Dataset items:
========================================================================

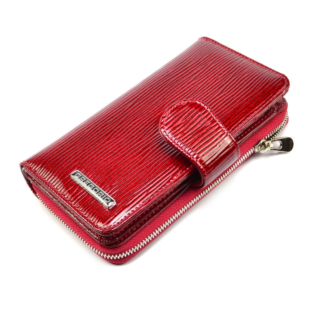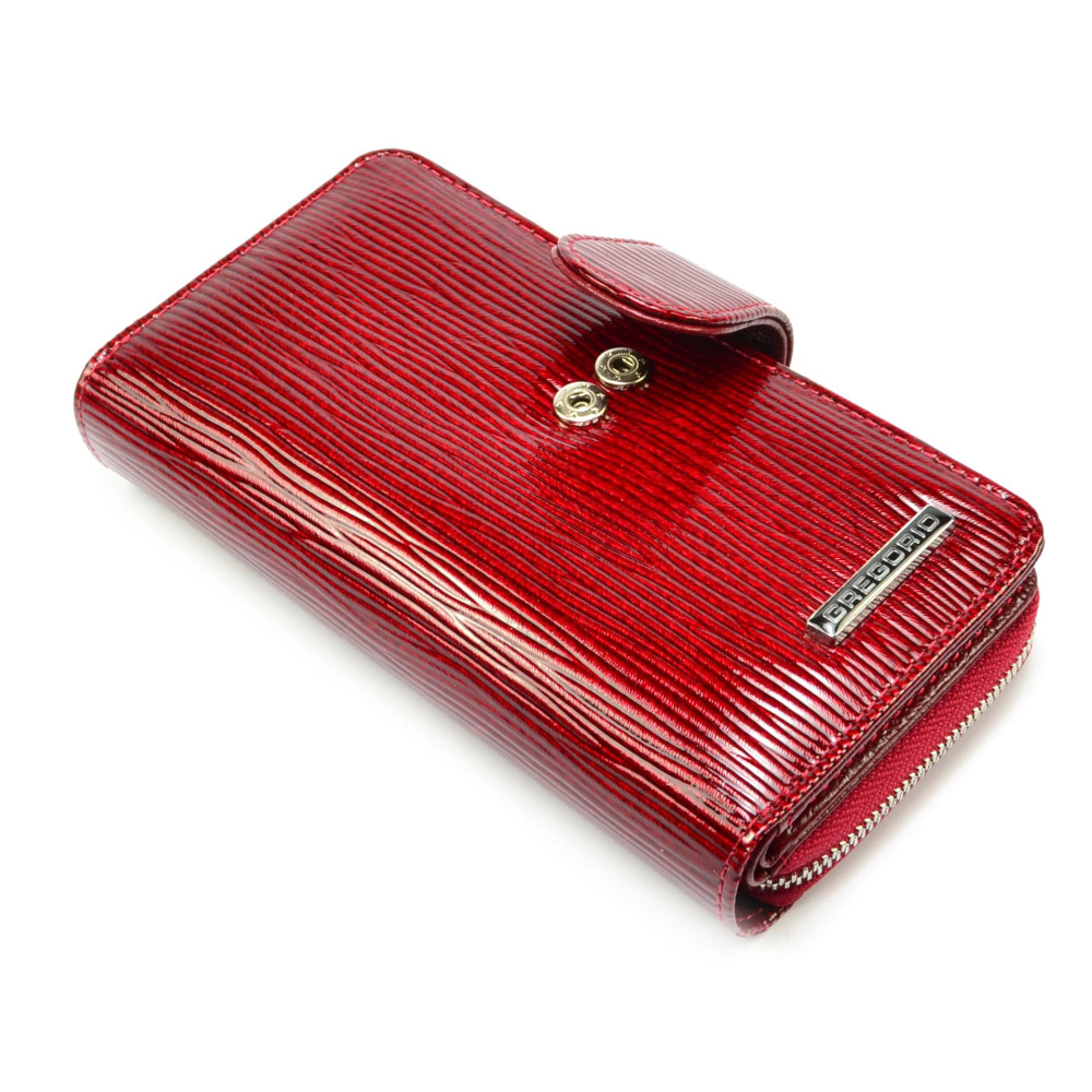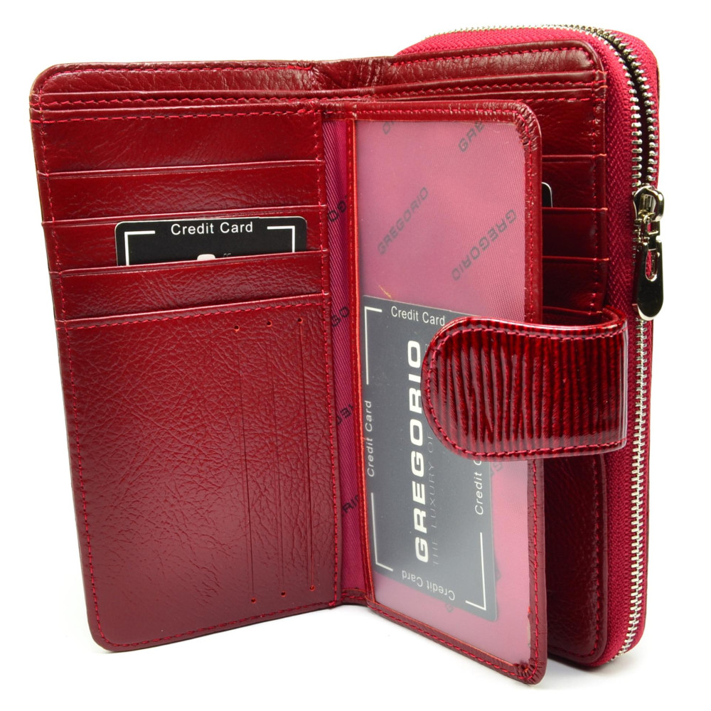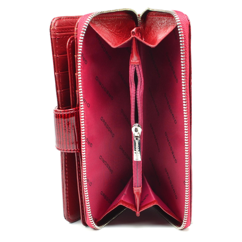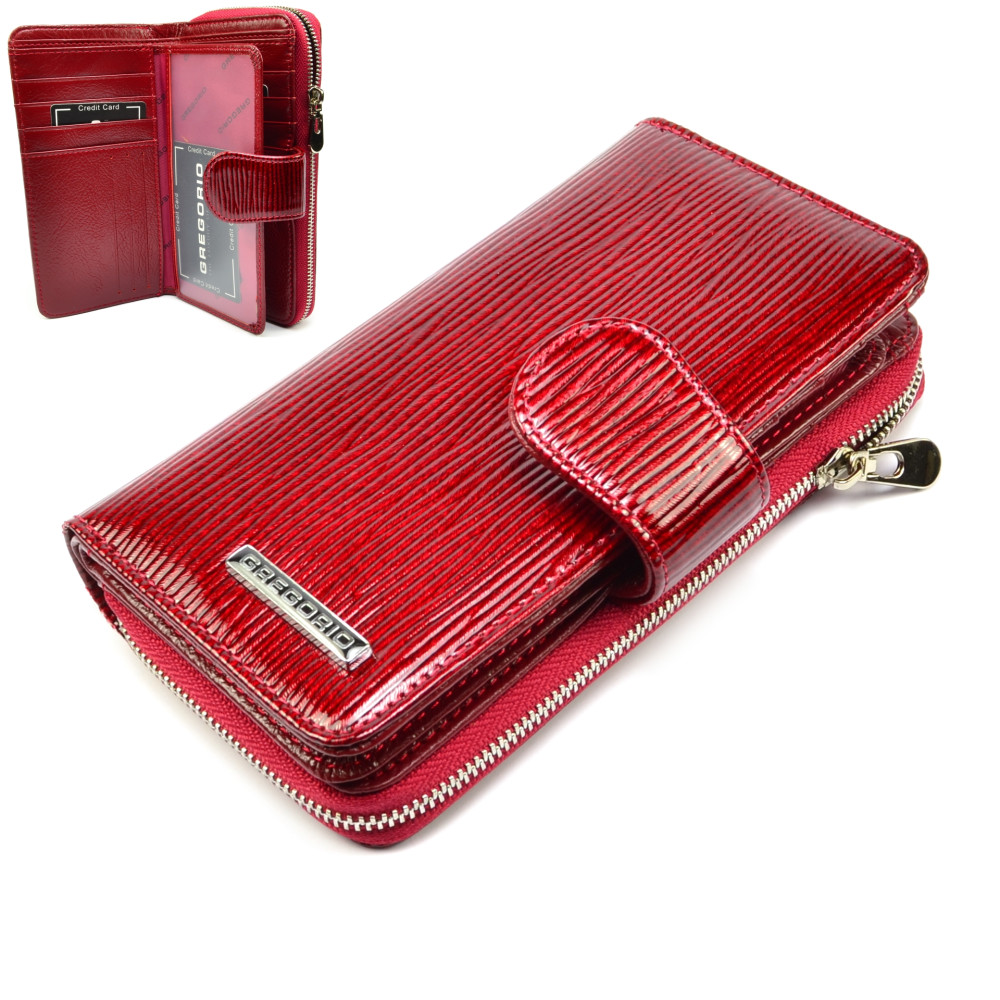 Peněženka dámská červená se zapínáním je rozdělena na dvě části. V první části červené peněženky jsou kapsy na platební a jiné karty, bankovky a doklady. Druhá část dámské peněženky se uzavírá skutečně pevným zipem s velkým jezdcem. Zde jsou dvě velké kapsy a jedna další na zip. Tuto část lze využít jako mincovník. Peněženka dámská červená se zapínáním je vyrobena z pravé kůže tmavě červené barvy a je značky Gregorio. Peněženky červené barvy jsou stálicí v módním světe. Pořiďte si také jednu.
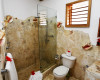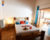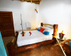 " Very romantic, rustic and characteristic bedroom with authentic natural coral stone flooring (with natural concretions, "slices" of coral reef), very heavy bed, immovable, made of real coconut palm wood, as well as the remaining furniture, with bathroom private, always in coral stone and finished with large natural local shells. It is possible to add a adicional bed and is embellished with wooden animals carved by local artisans."
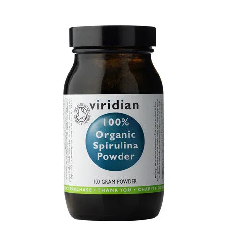 Spirulina (Arthrospira platensis) is a simple, one celled form of algae that thrives in warm, alkaline fresh-water. The name ‘Spirulina’ is derived from the latin word for ‘helix’ or ‘spiral’, denoting the physical configuration of the organism when it forms swirling, microscopic strands. Spirulina is 69 percent complete protein, with all the essential amino acids in perfect balance. In comparison beef is only 22 percent protein. In addition, Spirulina is one of the few plant sources of vitamin B12, usually found only in animal tissues.Spirulina also provides high concentrations of many other nutrients – amino acids, chelated minerals,pigments, rhamnose sugars (complex natural plant sugars), trace elements, enzymes (SOD), and essential fatty acids (both linoleic and linolenic acid) – that are all in an easily assimilable form. Spirulina is one of the blue-green algae due to the presence of both chlorophyll (green) and phycocyanin (blue) pigments in its cellular structure. Spirulina lacks cellulose cell walls, unlike other blue/green algae, therefore it can be easily digested. Viridian’s Spirulina is certified organic by the following organisations: Soil Association, ECOcert, Naturland, USDA NOP and IFOAM. Also available as an excipient-free 100% active tablet.
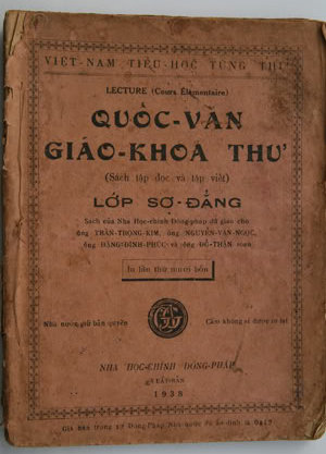 | Le livre Quôc van giao khoa thu (Manuel de langue vietnamienne) pour classe élémentaire. |
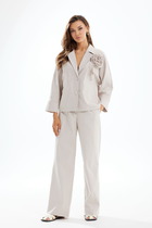 Костюм женский полуприлегающего силуэта выполнен из облегченной костюмной ткани с небольшим содержанием стрейча и состоит из жакета и юбки. Жакет без подкладки со втачными рукавами, рубашечным воротником, застежкой-планкой на петли и пуговицы. По воротнику, низу рукавов и жакета вставлена оборка из той же ткани белого цвета. Юбка полуприлегающего силуэта на хлопковой подкладке заужена к низу, пояс притачной с резинками в боковых швах и застежкой на тесьму-молнию и пуговицу. Костюм прошел тестовую стирку при температуре 30 градусов ( не линяет). Изделие соответствует размеру.
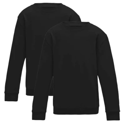 (Pack of 2) Boys Girls School Jumper Round Neck Fleece Crew Sweatshirt Uniform Ages 3 16 Years
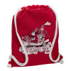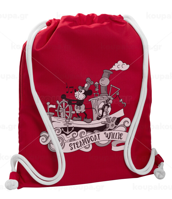 Mickey steamboat, Backpack pouch GYMBAG Red, with pocket (40x48cm) & thick cords
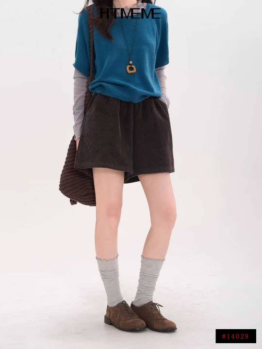 上新全清:8.8一件复古松紧腰灯芯绒宽松显瘦短裤,[爱...
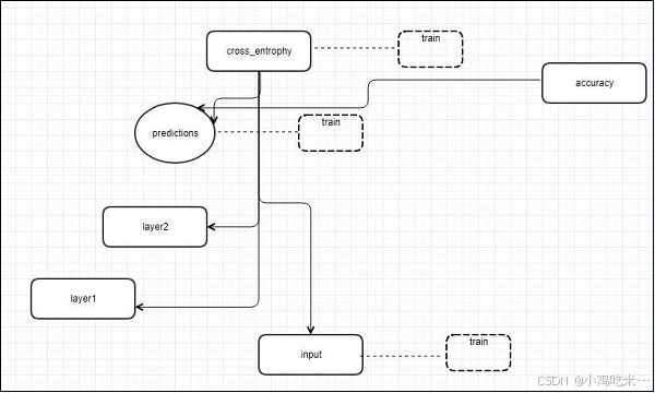 下图为 TensorBoard 可视化的完整工作流程示意图:train(训练)、cross_entropy(交叉熵)、accuracy(准确率)、predictions(预测值)、layer2(第二层)、layer1(第一层)、input(输入)
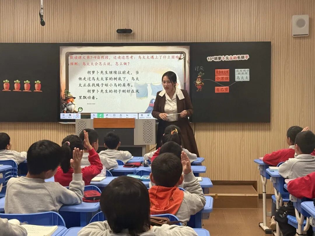 杨老师带领学生穿越知识的时空,遨游在“胡萝卜先生的长胡子”的奇幻故事里。在教学过程中,杨老师精准地把握住了文本特点,以预测为引导,通过提问的形式,鼓励学生思考和表达,使学生在整个教学活动中充分发挥主观能动性,让孩子们的想象力和创造力得到了充分地激发和展现。
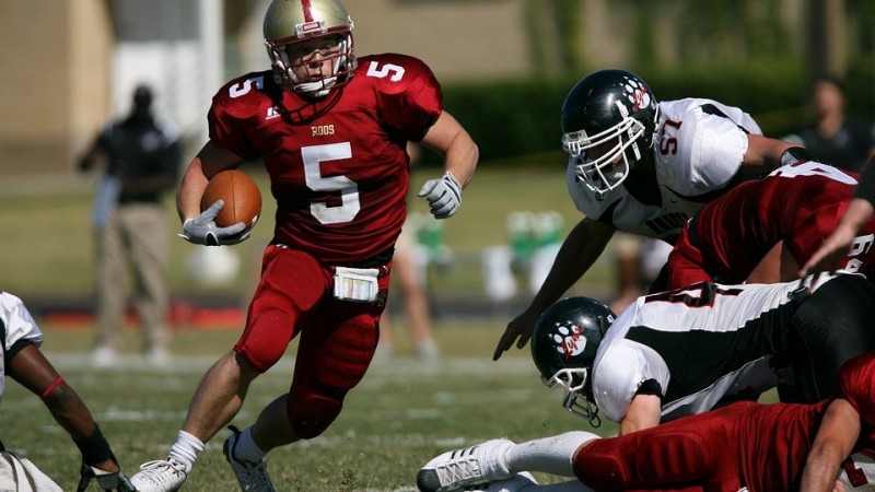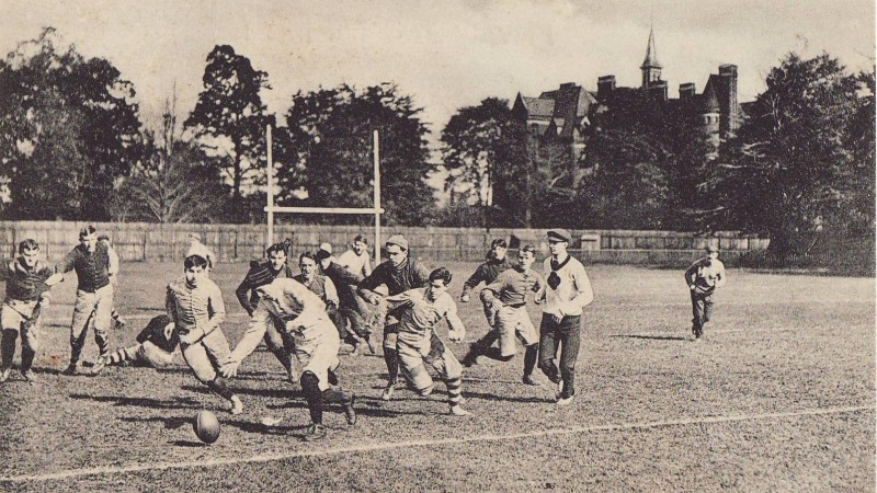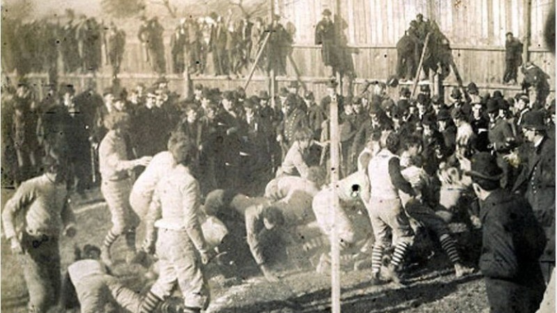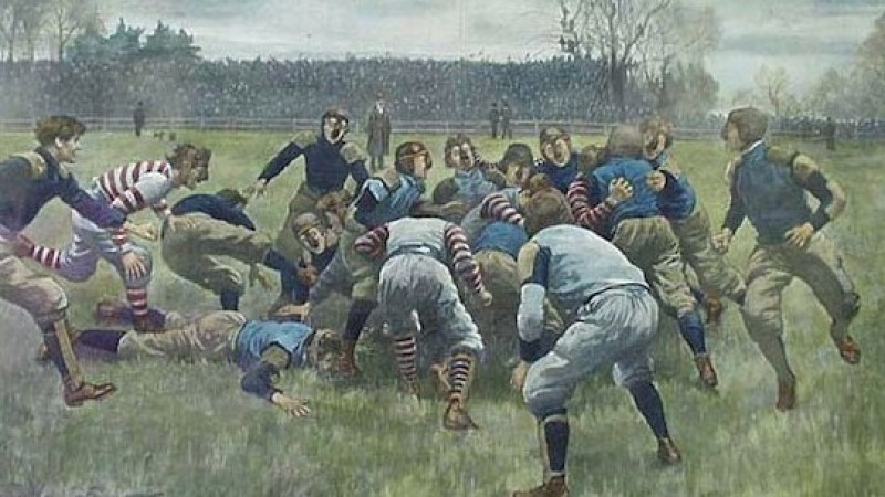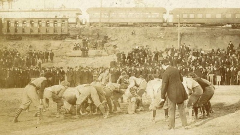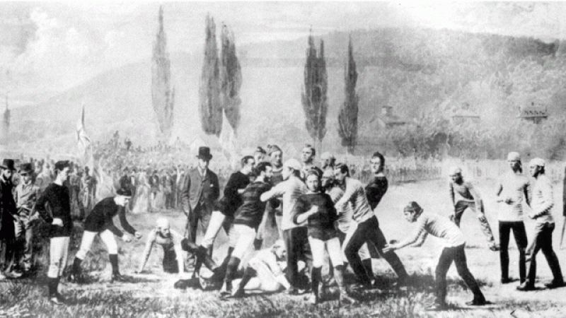 Анхны америк хөлбөмбөгийн тоглолт 1869 оны 11-р сарын 6-ны өдөр Принстон болон Рутжерсын хооронд зохиогджээ. Гэвч энэ тоглоом нь хөлбөмбөгтэй илүү төстэй байв. Энэ тоглолтын дараа Йелийн их сургууль өөрсдийн "Бостоны тоглоом" гэх спортоо хөгжүүлж эхэлсэн. Энэ нь хөлбөмбөгтэй төстэй байсан ба хэрэв өрсөлдөгчдөө хөөгдөж эхэлбэл бөмбөгөө барин гүйж болох ба мөн дамжуулж болдог байв. Харин өрсөлдөгчдөө хөөгдөөгүй үедээ бөмбөгөө өшиглөдөг байсан байна.
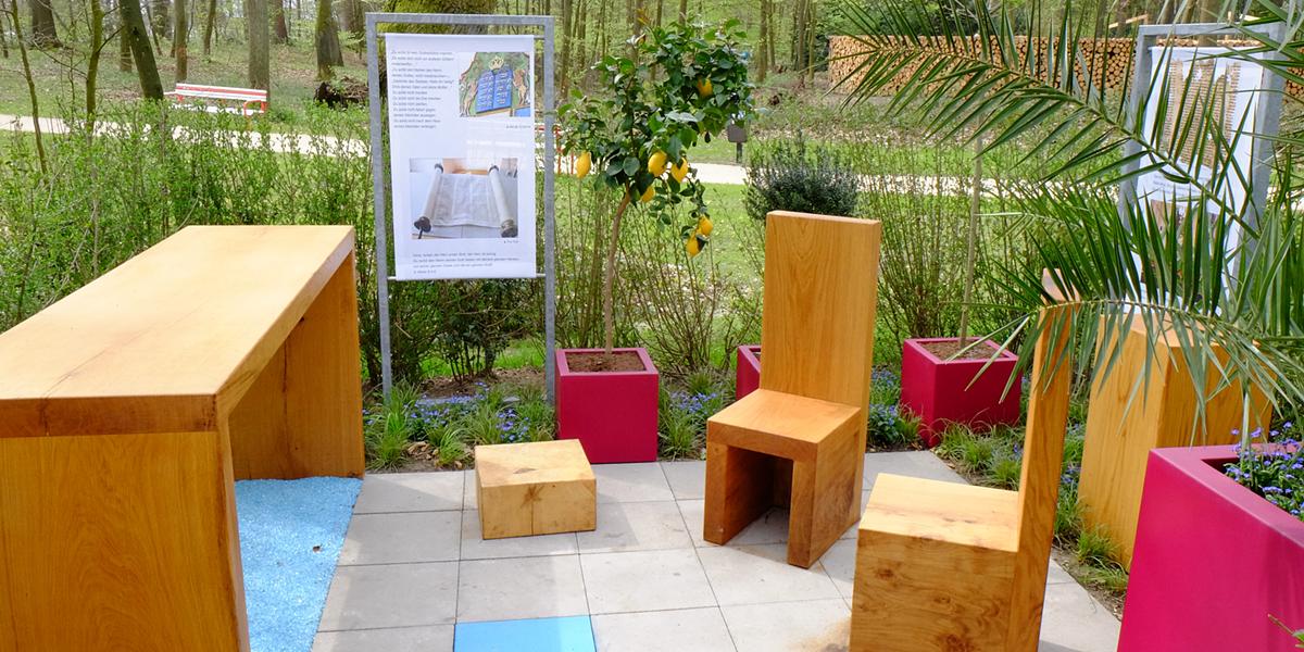 - Die Schrift, also die Bibel, Hebräisch TaNaKh (= Thora [Weisung, Lehre] – die 5 Bücher Mose, Neviim – die Propheten und Khetuvim – Schriften, z. B. die Psalmen). Im Garten gibt es einen langen Tisch, um die Schriftrollen auszurollen, denn die Bibel für den religiösen Gebrauch hat Rollenform (Thora) und Buchform.
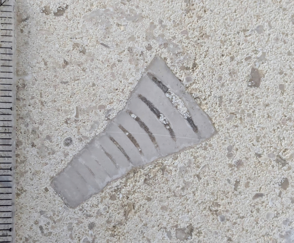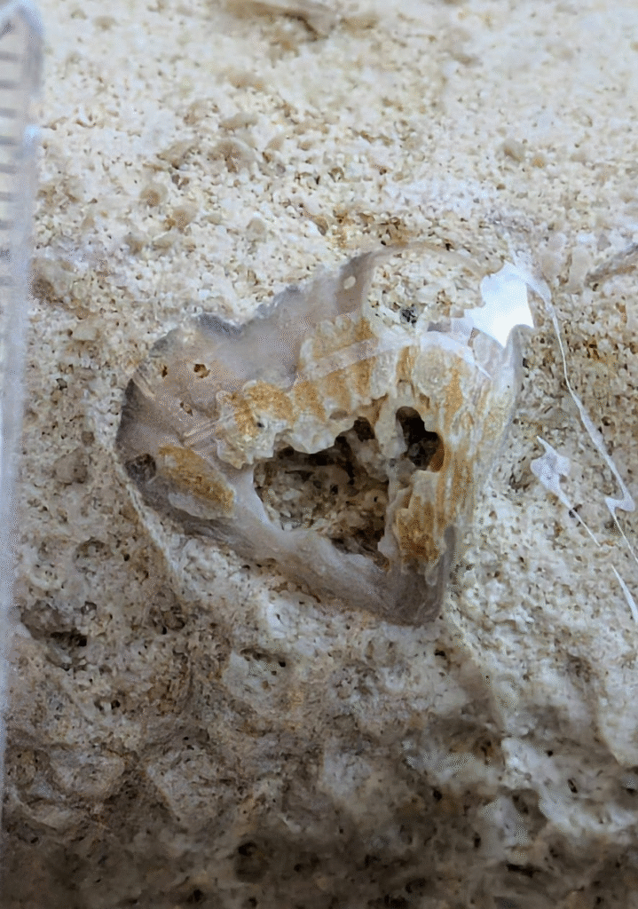 (13)も水平面から垂直面に落ちる部分にあった物です。腕足動物かと思います。

========================================================================

ACTIVITY: For the entries above, return an exact copy that omits the images.

RESPONSE BELOW:
 Peněženka dámská červená se zapínáním je rozdělena na dvě části. V první části červené peněženky jsou kapsy na platební a jiné karty, bankovky a doklady. Druhá část dámské peněženky se uzavírá skutečně pevným zipem s velkým jezdcem. Zde jsou dvě velké kapsy a jedna další na zip. Tuto část lze využít jako mincovník. Peněženka dámská červená se zapínáním je vyrobena z pravé kůže tmavě červené barvy a je značky Gregorio. Peněženky červené barvy jsou stálicí v módním světe. Pořiďte si také jednu.
 " Very romantic, rustic and characteristic bedroom with authentic natural coral stone flooring (with natural concretions, "slices" of coral reef), very heavy bed, immovable, made of real coconut palm wood, as well as the remaining furniture, with bathroom private, always in coral stone and finished with large natural local shells. It is possible to add a adicional bed and is embellished with wooden animals carved by local artisans."
 Spirulina (Arthrospira platensis) is a simple, one celled form of algae that thrives in warm, alkaline fresh-water. The name ‘Spirulina’ is derived from the latin word for ‘helix’ or ‘spiral’, denoting the physical configuration of the organism when it forms swirling, microscopic strands. Spirulina is 69 percent complete protein, with all the essential amino acids in perfect balance. In comparison beef is only 22 percent protein. In addition, Spirulina is one of the few plant sources of vitamin B12, usually found only in animal tissues.Spirulina also provides high concentrations of many other nutrients – amino acids, chelated minerals,pigments, rhamnose sugars (complex natural plant sugars), trace elements, enzymes (SOD), and essential fatty acids (both linoleic and linolenic acid) – that are all in an easily assimilable form. Spirulina is one of the blue-green algae due to the presence of both chlorophyll (green) and phycocyanin (blue) pigments in its cellular structure. Spirulina lacks cellulose cell walls, unlike other blue/green algae, therefore it can be easily digested. Viridian’s Spirulina is certified organic by the following organisations: Soil Association, ECOcert, Naturland, USDA NOP and IFOAM. Also available as an excipient-free 100% active tablet.
 | Le livre Quôc van giao khoa thu (Manuel de langue vietnamienne) pour classe élémentaire. |
 Костюм женский полуприлегающего силуэта выполнен из облегченной костюмной ткани с небольшим содержанием стрейча и состоит из жакета и юбки. Жакет без подкладки со втачными рукавами, рубашечным воротником, застежкой-планкой на петли и пуговицы. По воротнику, низу рукавов и жакета вставлена оборка из той же ткани белого цвета. Юбка полуприлегающего силуэта на хлопковой подкладке заужена к низу, пояс притачной с резинками в боковых швах и застежкой на тесьму-молнию и пуговицу. Костюм прошел тестовую стирку при температуре 30 градусов ( не линяет). Изделие соответствует размеру.
 (Pack of 2) Boys Girls School Jumper Round Neck Fleece Crew Sweatshirt Uniform Ages 3 16 Years
 Mickey steamboat, Backpack pouch GYMBAG Red, with pocket (40x48cm) & thick cords
 上新全清:8.8一件复古松紧腰灯芯绒宽松显瘦短裤,[爱...
 下图为 TensorBoard 可视化的完整工作流程示意图:train(训练)、cross_entropy(交叉熵)、accuracy(准确率)、predictions(预测值)、layer2(第二层)、layer1(第一层)、input(输入)
 杨老师带领学生穿越知识的时空,遨游在“胡萝卜先生的长胡子”的奇幻故事里。在教学过程中,杨老师精准地把握住了文本特点,以预测为引导,通过提问的形式,鼓励学生思考和表达,使学生在整个教学活动中充分发挥主观能动性,让孩子们的想象力和创造力得到了充分地激发和展现。
 Анхны америк хөлбөмбөгийн тоглолт 1869 оны 11-р сарын 6-ны өдөр Принстон болон Рутжерсын хооронд зохиогджээ. Гэвч энэ тоглоом нь хөлбөмбөгтэй илүү төстэй байв. Энэ тоглолтын дараа Йелийн их сургууль өөрсдийн "Бостоны тоглоом" гэх спортоо хөгжүүлж эхэлсэн. Энэ нь хөлбөмбөгтэй төстэй байсан ба хэрэв өрсөлдөгчдөө хөөгдөж эхэлбэл бөмбөгөө барин гүйж болох ба мөн дамжуулж болдог байв. Харин өрсөлдөгчдөө хөөгдөөгүй үедээ бөмбөгөө өшиглөдөг байсан байна.
 - Die Schrift, also die Bibel, Hebräisch TaNaKh (= Thora [Weisung, Lehre] – die 5 Bücher Mose, Neviim – die Propheten und Khetuvim – Schriften, z. B. die Psalmen). Im Garten gibt es einen langen Tisch, um die Schriftrollen auszurollen, denn die Bibel für den religiösen Gebrauch hat Rollenform (Thora) und Buchform.
 (13)も水平面から垂直面に落ちる部分にあった物です。腕足動物かと思います。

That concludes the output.